In pursuit of the Engineering Analyst

Why analysts in small teams are increasingly bridging the gap into Analytical Engineering

Oct 09, 2024

Article voiceover

1×

0:00

-16:43

I come across a lot of misconceptions about Data Engineering, Analytical Engineering and Analysts, in their roles, and the differences between them. A lot of the literature and discussion about these roles focuses on large organisations, where large teams of each can co-exist and afford to be prescriptive about their roles. However, in my experience this leaves smaller teams unsure of where boundaries lie, whether they need an analytical engineering role and where data analysis should start and stop.

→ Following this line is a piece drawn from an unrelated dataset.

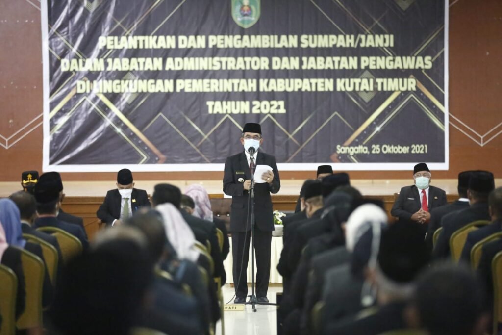 Sesuai dengan surat keputusan Bupati Kutim Nomor 821.2/592/BKPP-MUT/X/2021 tentang pelantikan dan pengambilan sumpah/janji dalam jabatan administrator dan pengawas di lingkungan Pemkab Kutim. Ada sekitar 230 ASN yang dilantik dan diambil sumpahnya oleh Bupati Kutim Ardiansyah Sulaiman. Total ada sebanyak 88 pejabat eselon tiga dan 142 eselon empat dilantik hari ini.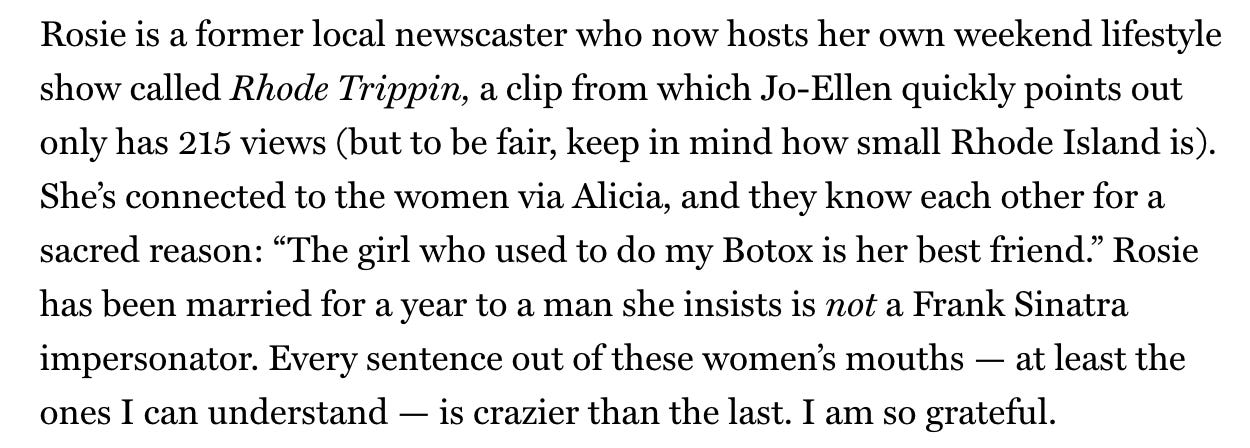 My take: there is real potential here! The women know one another in real life and have long-held grudges, there is a blatant personality disorder amongst the cast (Jo-Ellen), as well as a sugar baby for a man who is the son of TV-famous judge who I grew up watching with my grandmother. This is a rich, rich text, and I was delighted to see one of my favorite short humor writers, Tom Smyth, recapping the series for Vulture:

This is a post about how smaller teams can meet that challenge, but first I want to start with a summary of what analytical engineers do, as this is a grey area that needs definition before we focus on what happens in smaller teams. So first let’s look at how things work, in general, at large organisations with more rigid structures and roles:

Section 1: In Theory…

What is analytical engineering?

Analytics engineering sits in between business and technical expertise Analytics engineers sit between data engineers, who focus on infrastructure, and data analysts, who interpret the data for the business. They therefore need to understand both the technical systems and business needs of their stakeholders, and be ready to translate the business requirements into technical data solutions. Their output is clean, analysis-ready datasets.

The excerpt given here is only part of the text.